About this exercise
Please restate the listing word for word, omitting the images.

Dataset content
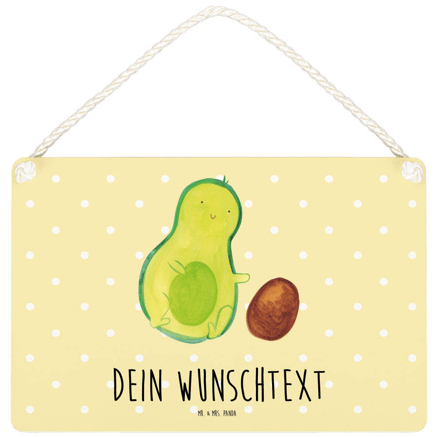 Personalisiertes Deko Schild Avocado rollt Kern - DIN A6 - Gelb Pastell
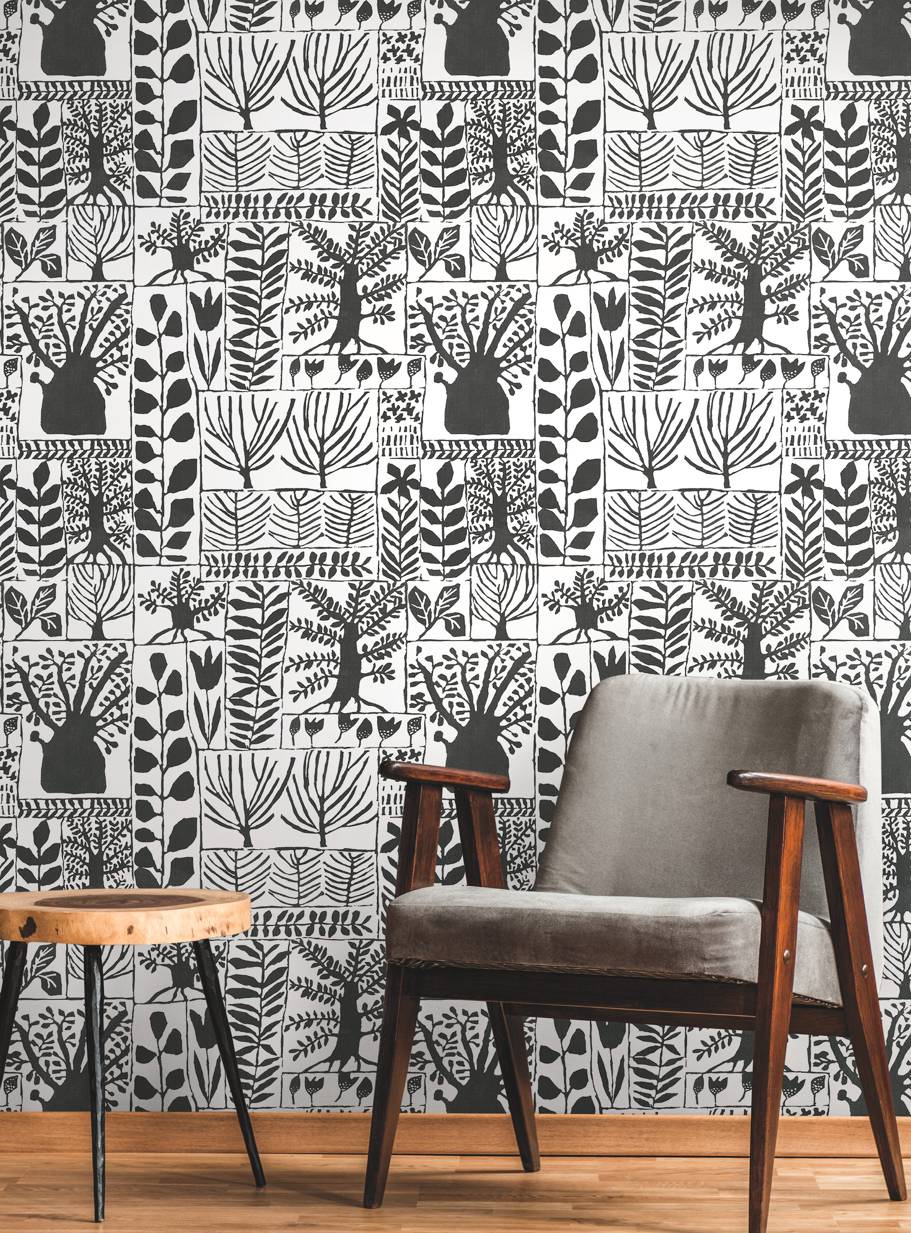 Instinctively simple tribal art themes create the feeling of Primitive Trees’ modern, natural pattern. This Primitive Trees Wallpaper measures approximately 27 inches wide by 27 feet long, covering About 60.8 square feet per roll. Manufactured on Sure Strip™, a unique high performance substrate, this ultra-easy removable wallpaper is guaranteed easy to install and easy to remove; simply use water to activate. Colorway: Black & White
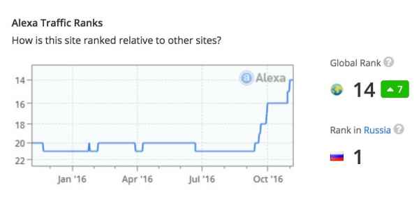 Рейтинг Alexa формируется на основе средней ежедневной посещаемости и количества просмотренных страниц за последний месяц. «Сайт с наивысшей комбинацией посетителей и просмотров страниц занимает первое место», — говорится в описании рейтинга.
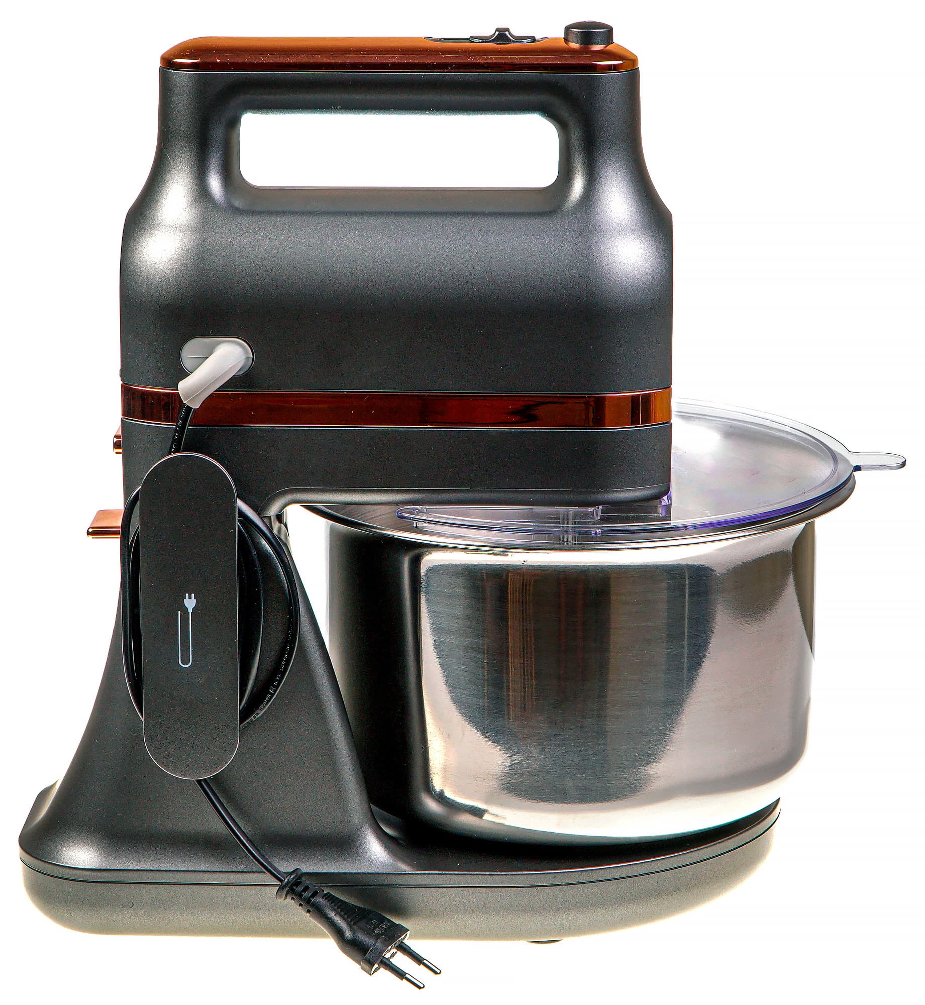 На корпусе есть боковая панель для наматывания шнура питания. К платформе, после установки на нее миксера, можно прикрепить пластиковую прозрачную крышку для защиты от брызг.
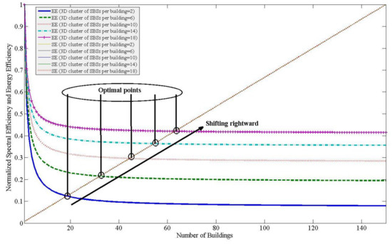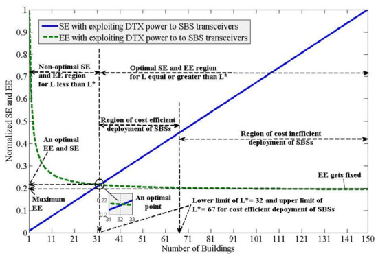 Hence, multiband enabled, DTX power controlled, and ABS-based eICIC technique employed in-building SBSs can be set for optimal performance of both the SE and the EE by reusing multiple spectra to each SBS both horizontally on 2D space on Earth and vertically within any building such that the normalized SE and EE performances of SBSs are equal to each other. The number of times of reusing a spectrum to each SBS both horizontally and vertically, which results in no further improvement in the EE performance, defines the upper limit of reusing the spectrum in terms of L to SBSs for a cost-efficient deployment of SBSs for a given value of as shown in Figure 11.
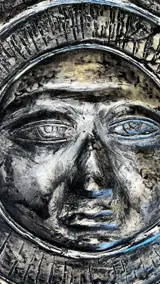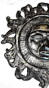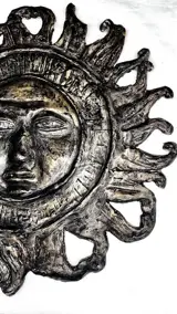 Koud geschilderd bronzen beeld dat een zon voorstelt.
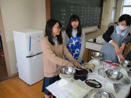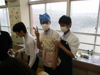 可愛いいこの子たちは家庭科の時間にイチゴ大福を作るのだそうです。
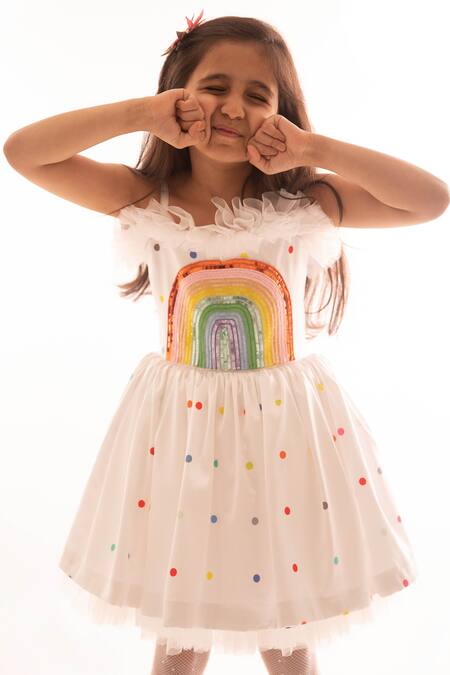 White dress featuring all-over polka dot print and an embroidered rainbow patch
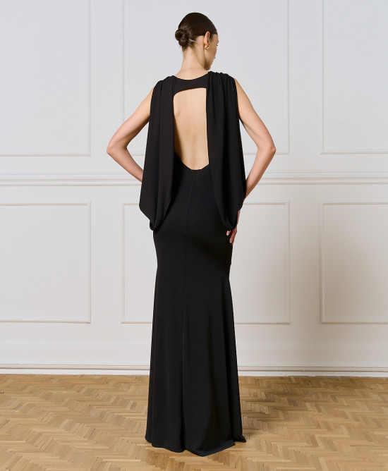 Μάξι φόρεμα με μακριά μανίκια και ανοιχτούς ώμους. Διαθέτει ιδιαίτερο άνοιγμα στην πλάτη. Επιλέξτε το για εντυπωσιακές επίσημες εμφανίσεις.
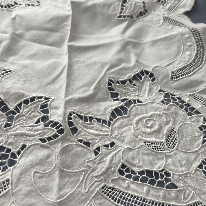 Bohem tarzda, gri detaylı, çiçek desenli nakışlı beyaz örtü
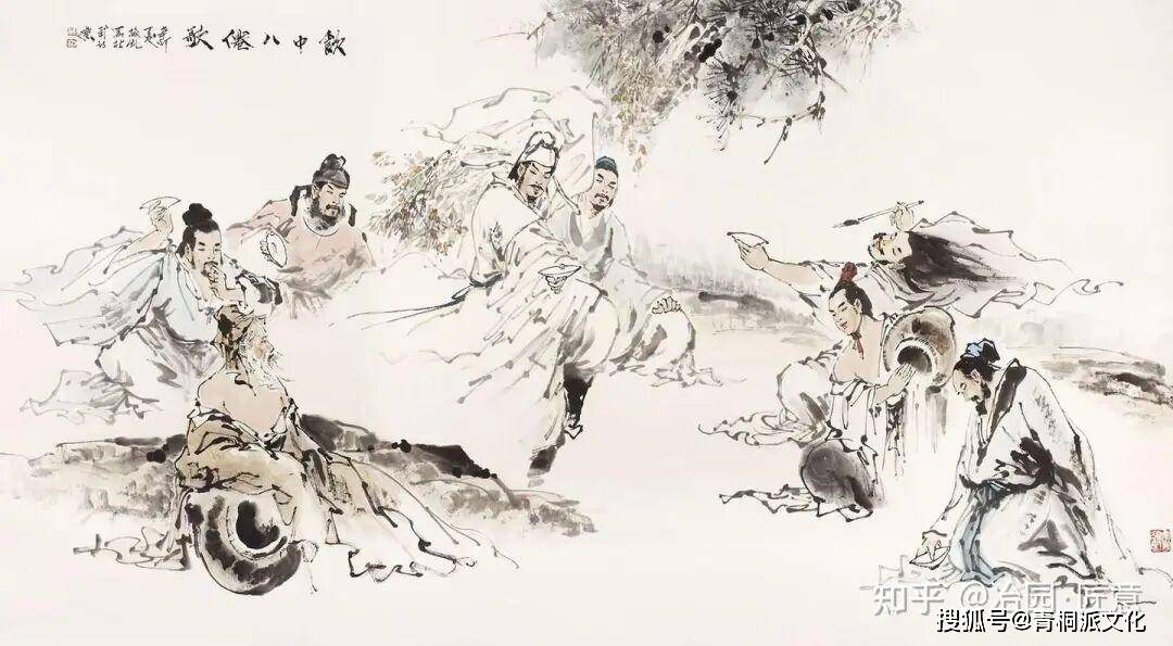 对社会各界饮酒形态,诗人描述最为深刻,杜甫《饮中八仙歌》:“知章骑马似乘船,眼花落井水底眠。汝阳三斗始朝天,道逢麴车口流涎,恨不移封向酒泉。
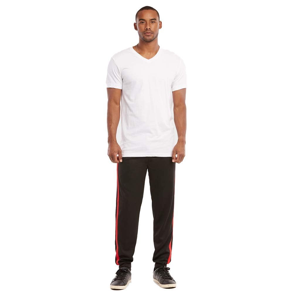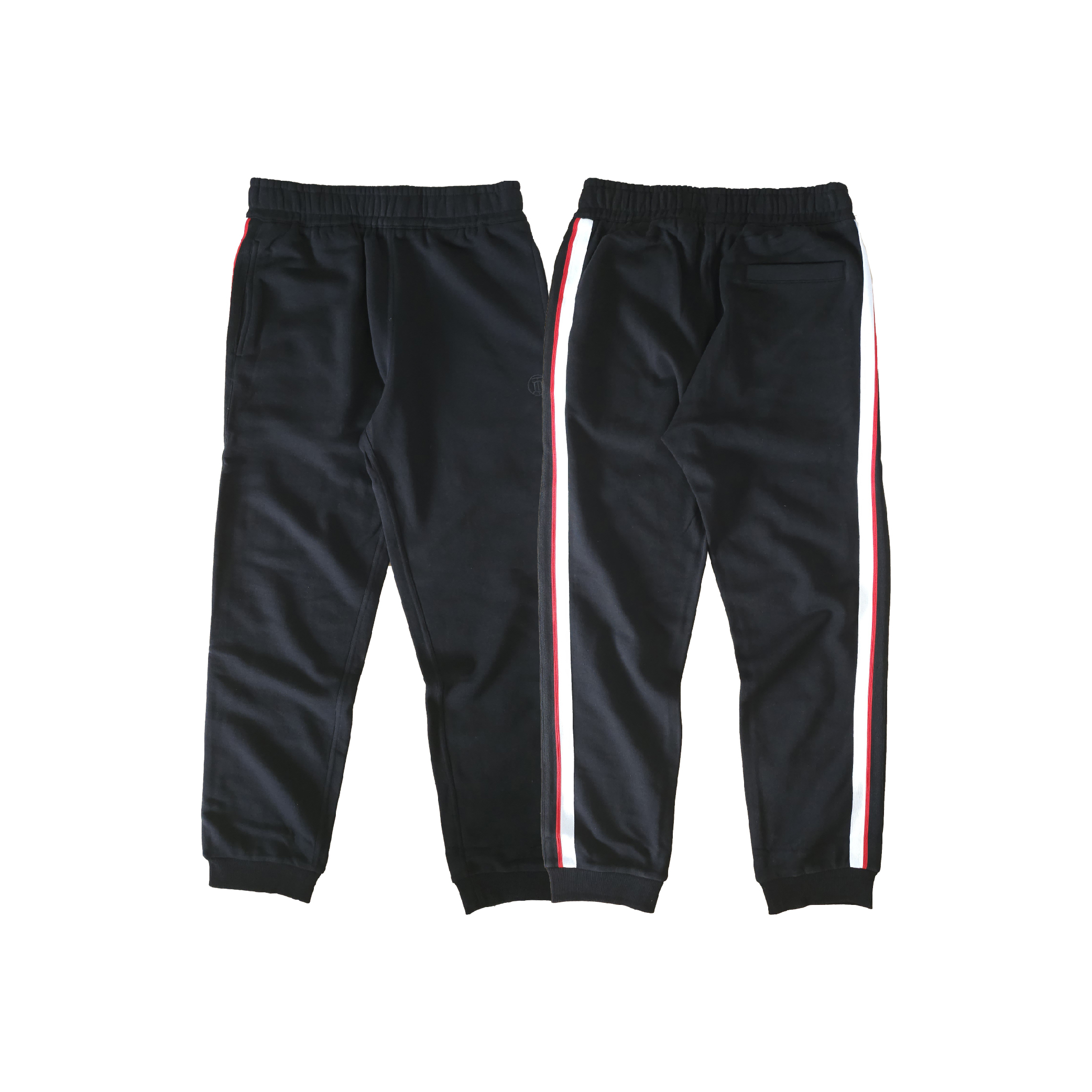 black sweats with red stripe
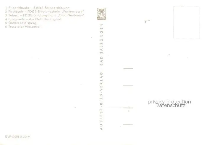 Friedrichroda Rund um den grossen Inselsberg Schloss Reinhardsbrunn FDGB Erholungsheime Platz der Jugend Brotterode Grosser Inselsberg Trusetaler Wasserfall Friedrichroda postalisch nicht gelaufen 1977 Erhaltung siehe scans [FriedD77] Frierer
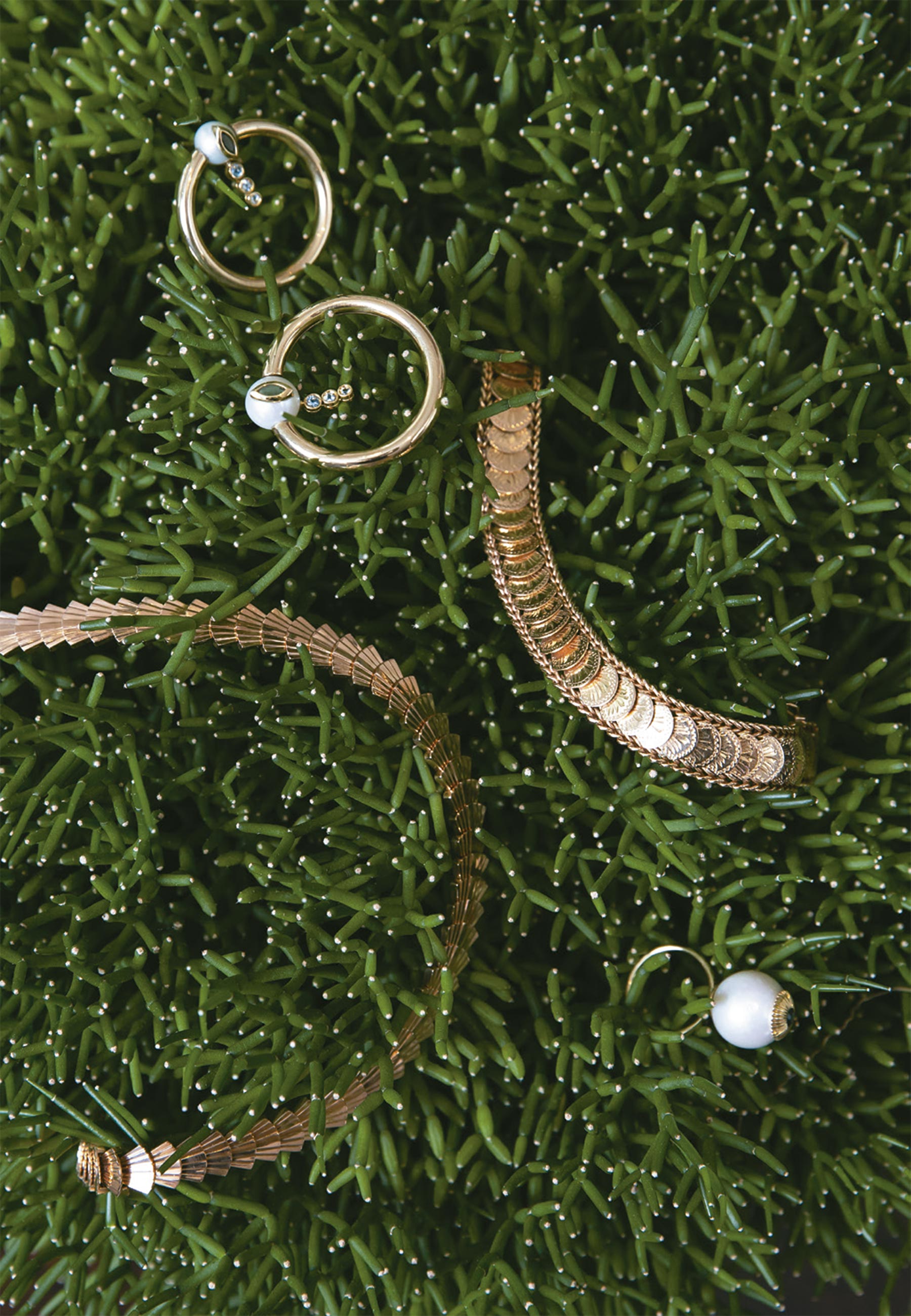 Brincos, colar e anel Andrea Colli Gem e pulseira de ouro herdada do avó – Foto: Vinicius Postiglione, com edição de moda Rodrigo Yaegashi
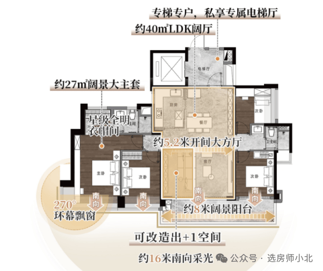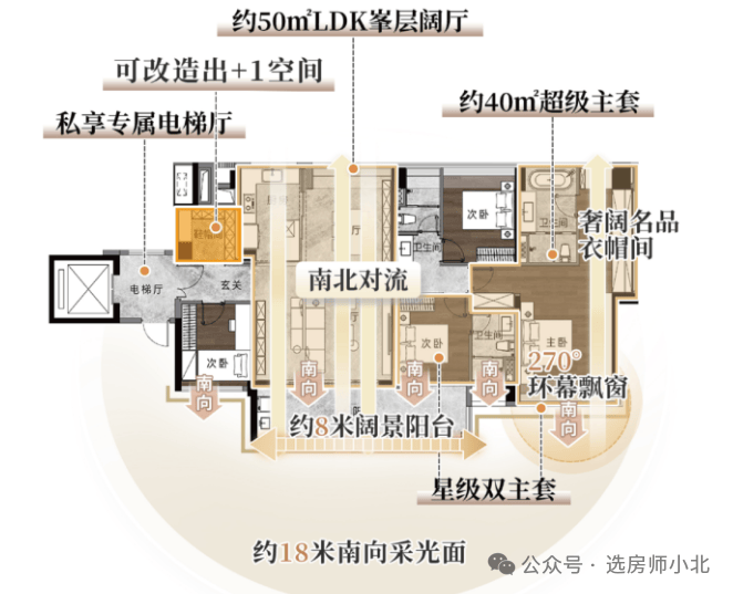 建面约143-181㎡户型为3梯3户设计(专梯专户)。
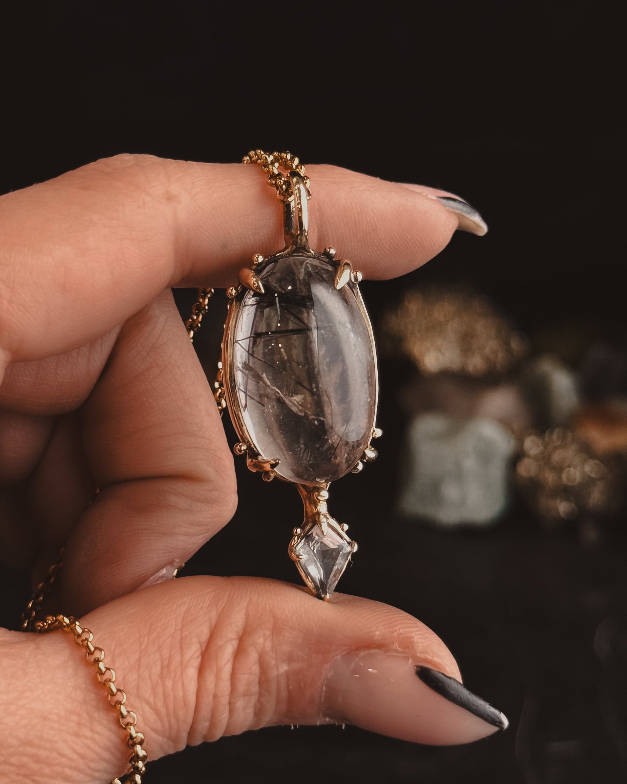Energy Protection Necklace- Tourmalated Quartz + Quartz
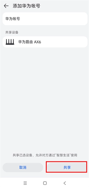 3、以通过华为帐号共享为例,点击通过华为帐号共享。
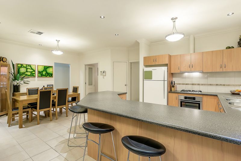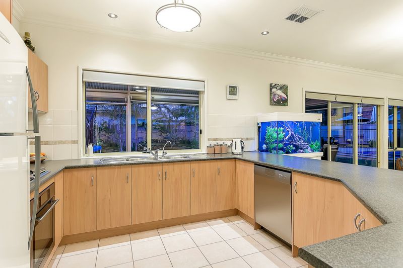 You will be grinning from ear to ear the moment you walk into this north facing, modern built home. Upon entry you are greeted with a formal living area which faces the golf course, and huge master bedroom opposite the living area which boasts a walk in wardrobe, oversized ensuite and bay window, complete with built in speakers that connect to the main sound system. Walking down the quality tiled hallway will take you to the open planned living area.
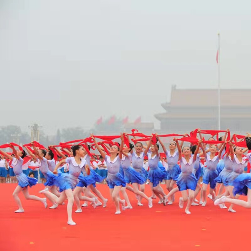 New Year's Day children's costumes Xiaohe style thinking of dreams running children's red scarf chorus clothes girls dance clothes
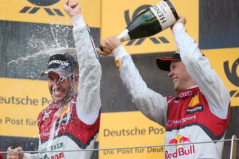 Wie einen Sieg feierte das Audi Sport Team Abt Sportsline den dritten Platz von Mattias Ekström. Sein Red Bull Audi RS 5 DTM musste nach dem Unfall im ersten Rennen am Samstag über Nacht wieder aufgebaut werden. Zudem wurde der Schwede in der Startaufstellung wegen der Kollision von den Sportkommissaren um drei Positionen zurückversetzt.

Response to this exercise
 Personalisiertes Deko Schild Avocado rollt Kern - DIN A6 - Gelb Pastell
 Instinctively simple tribal art themes create the feeling of Primitive Trees’ modern, natural pattern. This Primitive Trees Wallpaper measures approximately 27 inches wide by 27 feet long, covering About 60.8 square feet per roll. Manufactured on Sure Strip™, a unique high performance substrate, this ultra-easy removable wallpaper is guaranteed easy to install and easy to remove; simply use water to activate. Colorway: Black & White
 Рейтинг Alexa формируется на основе средней ежедневной посещаемости и количества просмотренных страниц за последний месяц. «Сайт с наивысшей комбинацией посетителей и просмотров страниц занимает первое место», — говорится в описании рейтинга.
 На корпусе есть боковая панель для наматывания шнура питания. К платформе, после установки на нее миксера, можно прикрепить пластиковую прозрачную крышку для защиты от брызг.
 Hence, multiband enabled, DTX power controlled, and ABS-based eICIC technique employed in-building SBSs can be set for optimal performance of both the SE and the EE by reusing multiple spectra to each SBS both horizontally on 2D space on Earth and vertically within any building such that the normalized SE and EE performances of SBSs are equal to each other. The number of times of reusing a spectrum to each SBS both horizontally and vertically, which results in no further improvement in the EE performance, defines the upper limit of reusing the spectrum in terms of L to SBSs for a cost-efficient deployment of SBSs for a given value of as shown in Figure 11.
 Koud geschilderd bronzen beeld dat een zon voorstelt.
 可愛いいこの子たちは家庭科の時間にイチゴ大福を作るのだそうです。
 White dress featuring all-over polka dot print and an embroidered rainbow patch
 Μάξι φόρεμα με μακριά μανίκια και ανοιχτούς ώμους. Διαθέτει ιδιαίτερο άνοιγμα στην πλάτη. Επιλέξτε το για εντυπωσιακές επίσημες εμφανίσεις.
 Bohem tarzda, gri detaylı, çiçek desenli nakışlı beyaz örtü
 对社会各界饮酒形态,诗人描述最为深刻,杜甫《饮中八仙歌》:“知章骑马似乘船,眼花落井水底眠。汝阳三斗始朝天,道逢麴车口流涎,恨不移封向酒泉。
 black sweats with red stripe
 Friedrichroda Rund um den grossen Inselsberg Schloss Reinhardsbrunn FDGB Erholungsheime Platz der Jugend Brotterode Grosser Inselsberg Trusetaler Wasserfall Friedrichroda postalisch nicht gelaufen 1977 Erhaltung siehe scans [FriedD77] Frierer
 Brincos, colar e anel Andrea Colli Gem e pulseira de ouro herdada do avó – Foto: Vinicius Postiglione, com edição de moda Rodrigo Yaegashi
 建面约143-181㎡户型为3梯3户设计(专梯专户)。
Energy Protection Necklace- Tourmalated Quartz + Quartz
 3、以通过华为帐号共享为例,点击通过华为帐号共享。
 You will be grinning from ear to ear the moment you walk into this north facing, modern built home. Upon entry you are greeted with a formal living area which faces the golf course, and huge master bedroom opposite the living area which boasts a walk in wardrobe, oversized ensuite and bay window, complete with built in speakers that connect to the main sound system. Walking down the quality tiled hallway will take you to the open planned living area.
 New Year's Day children's costumes Xiaohe style thinking of dreams running children's red scarf chorus clothes girls dance clothes
 Wie einen Sieg feierte das Audi Sport Team Abt Sportsline den dritten Platz von Mattias Ekström. Sein Red Bull Audi RS 5 DTM musste nach dem Unfall im ersten Rennen am Samstag über Nacht wieder aufgebaut werden. Zudem wurde der Schwede in der Startaufstellung wegen der Kollision von den Sportkommissaren um drei Positionen zurückversetzt.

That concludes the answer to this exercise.